She gestured around her. “My life wasn't ruined. I've made a successful life for myself. Oh, I get jumpy sometimes, I have panic attacks and I still have bad dreams—long winding corridors, something nasty behind the door, rooms beyond rooms, but they're just typical nightmares.”

“Drugs? Drink?”

Her eyes narrowed, with a glint of humor. “Are you asking me if I'm a junkie or an alcoholic?”

“Not at all.” Banks felt himself blush. “It's just that sometimes people who've experienced . . . you know, they reach for . . .”

“Oblivion?”

“Something like that.”

“I had my moments. I was seventeen, eighteen in the late sixties, early seventies. People were experimenting. I was deep into that scene, the poetry, the music, the Eastern philosophy, the clothes, and, yes, the drugs. It took a while for the psychedelic drug culture to work its way up to Leeds, but my friends and I tried pot and acid, mescaline, speed, mandies. Never the hard stuff, though. No coke or heroin.”

“What happened?”

“I got bored with it all, like watching the same cartoon show over again and again at the News Theatre. So I went to university to study English literature.”

“And drink?”

“At university? Who didn't?”

“In general. Now.”

“The occasional glass of wine. Hell, the occasional bottle of wine. So what?”

Banks smiled. “So nothing.” Thinking he wouldn't mind sharing a
bottle with her as they talked right now, in the summer garden by the riverside with Beethoven's calm after the storm playing. But he pushed such thoughts out of his mind. The garden had cast its own special spell made of bee drone, blackbird song, the scent of roses and the music of the fast-running river. The warm and hazy air could do things to your mind, too, distract you, slow thought down, alter its direction. He was here to help this woman get justice for a terrible thing that had happened to her years ago, not to entertain fantasies about chatting with her about poetry and music and life in general over a glass of wine. He needed to break the spell.

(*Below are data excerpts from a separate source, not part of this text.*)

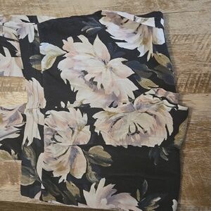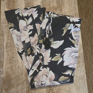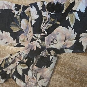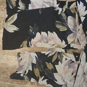 worn and loved. perfect for something to throw on to be comfy in. tried to show the worn in pictures. stretchy and has a tie at waist. ties has fringe at the ends
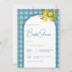 Esta invitación soleada con adorno mediterráneo y limones es una forma encantadora de dar la bienvenida a la futura novia.
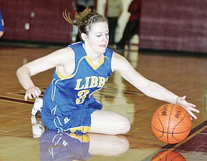Sophomore Taylor Quinn tries to save the ball from going out of bounds but comes up short in second quarter action in Troy Jan. 27
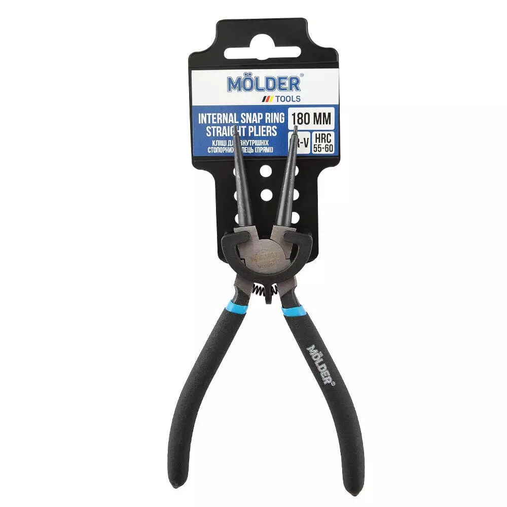 Кліщі для внутрішніх стопорних кілець, прямі MOLDER 180мм, Cr-V, HRC 55-60, поліровані (72шт/ящ)
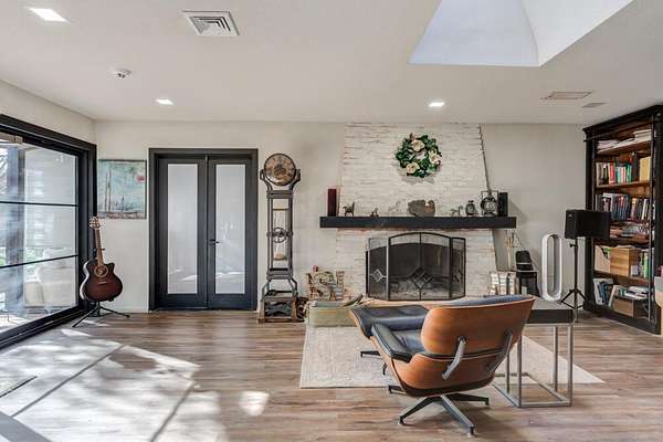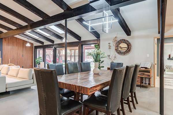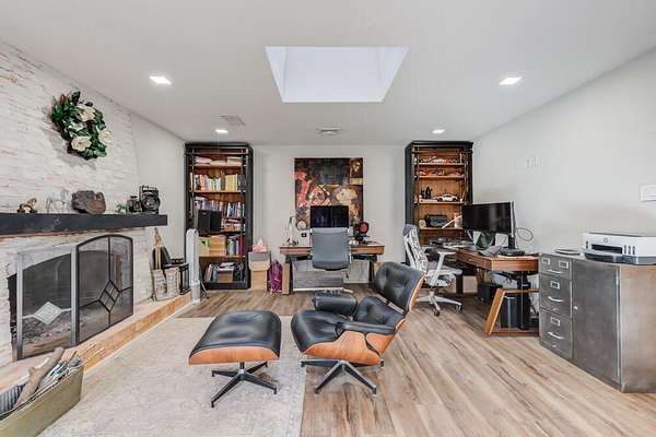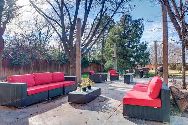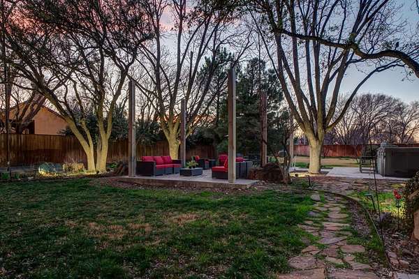 Tucked beneath the soaring trees of Bobalet Heights in North Lubbock, this sleek, beautifully renovated home blends modern architectural elements with warm, natural details throughout. From the moment you arrive, the outstanding curb appeal sets the tone for the spacious and thoughtfully designed interior. Inside, sprawling living spaces make entertaining effortless, while natural wood accents, striking beams, and skylights add character and warmth. Huge windows flood the home with natural light, highlighting the clean lines and modern finishes that define the design. The large kitchen is a true centerpiece, featuring luxury finishes, clean lines, and high-end appliances--perfectly designed for both everyday living and hosting guests. The home offers four bedrooms, three bathrooms, a dedicated office, and a versatile bonus room off the primary suite--perfect for a private sitting area, workout space, or nursery. Step outside to a massive backyard shaded by mature trees, complete with covered patios and plenty of room to relax, entertain, or play. With its blend of style, space, and a prime North Lubbock location, this home truly stands out. Call today to see it for yourself!
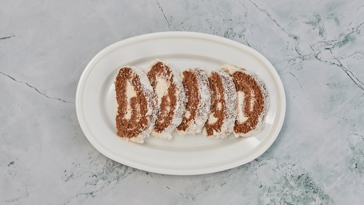 Puha, kakaós kekszes alap, selymes kókuszos krémmel töltve, kókuszreszelékbe forgatva. Pont olyan, ahogy otthon készítjük házi készítésű krémmel töltött!
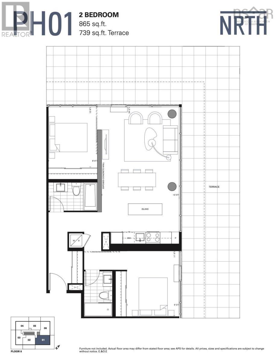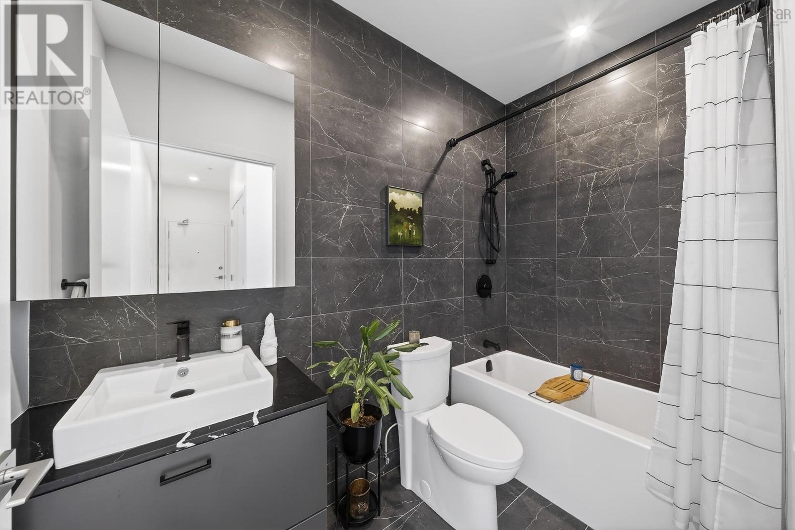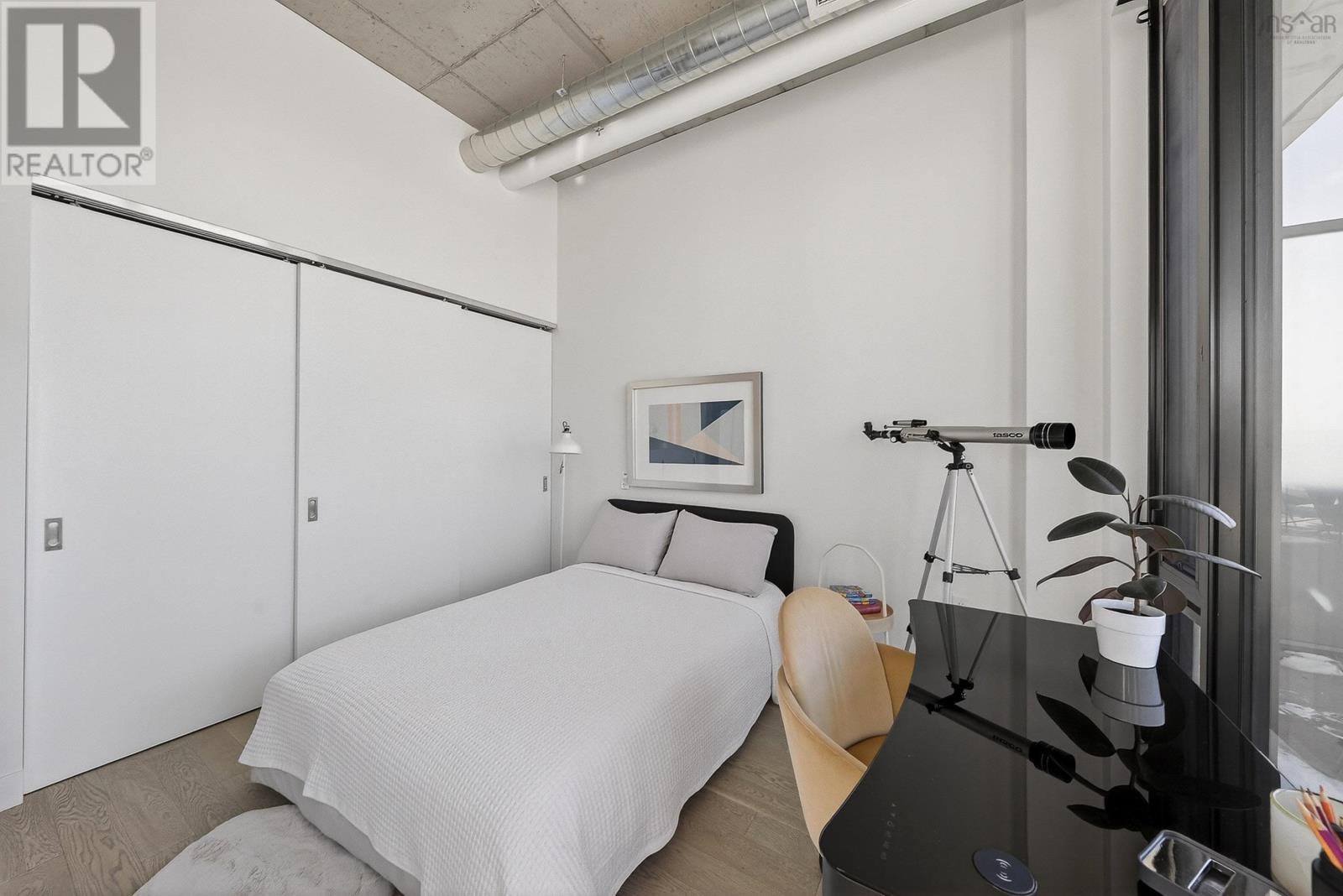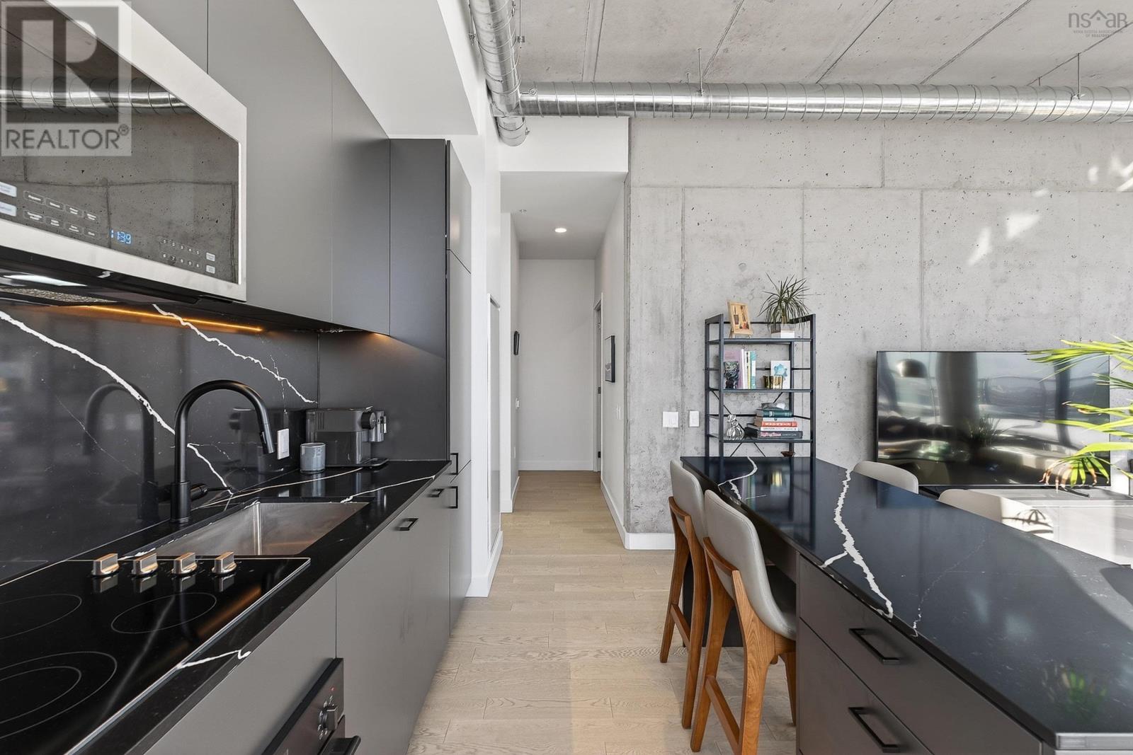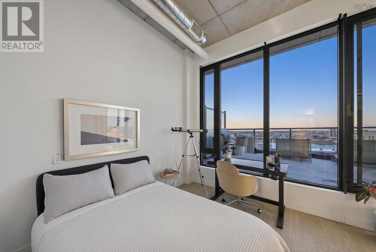 The Crown Jewel of the newly constructed NRTH building, Penthouse #1 is a one-of-a-kind residence positioned on the premier South-East corner of the top floor. Offering stunning panoramic views of the Halifax Harbour, the Macdonald Bridge, and the shimmering city skyline, this condo is the pinnacle of North End luxury. The defining feature is the massive 739 sq. ft. wrap-around corner terrace. Providing complete privacya rare luxury in condominium livingthis expansive outdoor oasis effectively doubles your living area. Whether hosting an open-air dinner party or enjoying a quiet morning coffee, you are surrounded by the most breathtaking vistas in the city. Inside, the exclusive Penthouse-level architecture shines with soaring ceilings and full-height windows that bathe the interior in natural light. The 865 sq. ft., 2-bedroom, 2-bathroom unit has been meticulously designed with extensive custom upgrades including premium kitchen and bathroom surfaces, backsplash, and bespoke hardware. The thoughtful layout affords maximum privacy with the bedrooms strategically positioned to offer separate retreats. Added touches include in-unit laundry, plenty of closet space, and panelled kitchen appliances. The NRTH building elevates the urban experience with a suite of amenities including a gym, yoga room, and secure bicycle storage. Designed for a forward-thinking lifestyle, the property also includes a private deeded parking space equipped with a dedicated EV charger and a storage unit. Located just steps from the historic Hydrostone Market, you are immersed in a "village in the city" vibe, surrounded by Halifaxs most celebrated shops and restaurants. Penthouse #1 at NRTH is more than just a residence; it is a private sanctuary with a front-row seat to the very best of Halifax. See Virtual Tour. (231722292)
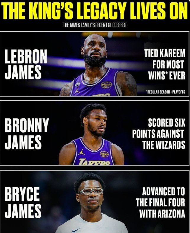 与此同时,詹姆斯的两个儿子也传来捷报:大儿子布朗尼在湖人对阵奇才的比赛中登场,拿到6分,在 NBA 赛场稳步成长;小儿子布莱斯则跟随亚利桑那大学晋级 NCAA 最终四强,在大学赛场打出亮眼表现。对此,美媒专门发图庆祝。
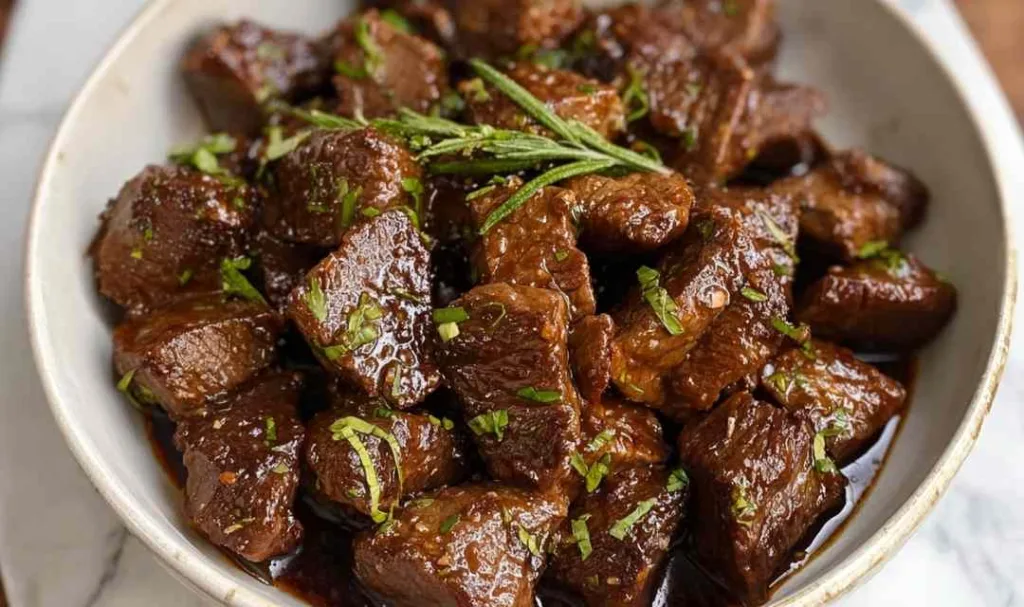 Step 10. Garnish with fresh chopped parsley if desired, then serve these crockpot steak bites warm over a bed of creamy mashed potatoes or buttered egg noodles.

She cocked her head. “Do you ask all your victims questions like this?”

“Everyone's different. I don't have a set list. I do have a few things I want to know, then I let the conversation flow from the answers. That's often when I find out the most interesting stuff. Besides, it's not usual that both suspect and victim are celebrities.”

“I wasn't a celebrity. I was a fourteen-year-old girl with a head full of dreams of a glamorous life, like being a rock star or an actress. And if you think being a poet is a celebrity leading a glamorous life, then you know something I don't. And I don't want to be thought of as a victim, either. If you're wondering if what happened inhibited me, blighted my life, then the answer's no, it didn't. That's why I feel like a phony. In small ways maybe it did. For a few months, maybe even a year, certainly, I was a mess, like I said, no doubt about that. But it was a long time ago. Sex, for a while, you know, that was out of the question. It was difficult to relax. I was afraid of the dark. I'd flash on
his
face, on top of me, his smell.
Their
faces. I didn't . . .” She broke the mood with laughter and turned to Winsome. “I always thought the sexual revolution was invented by men to get their own way.”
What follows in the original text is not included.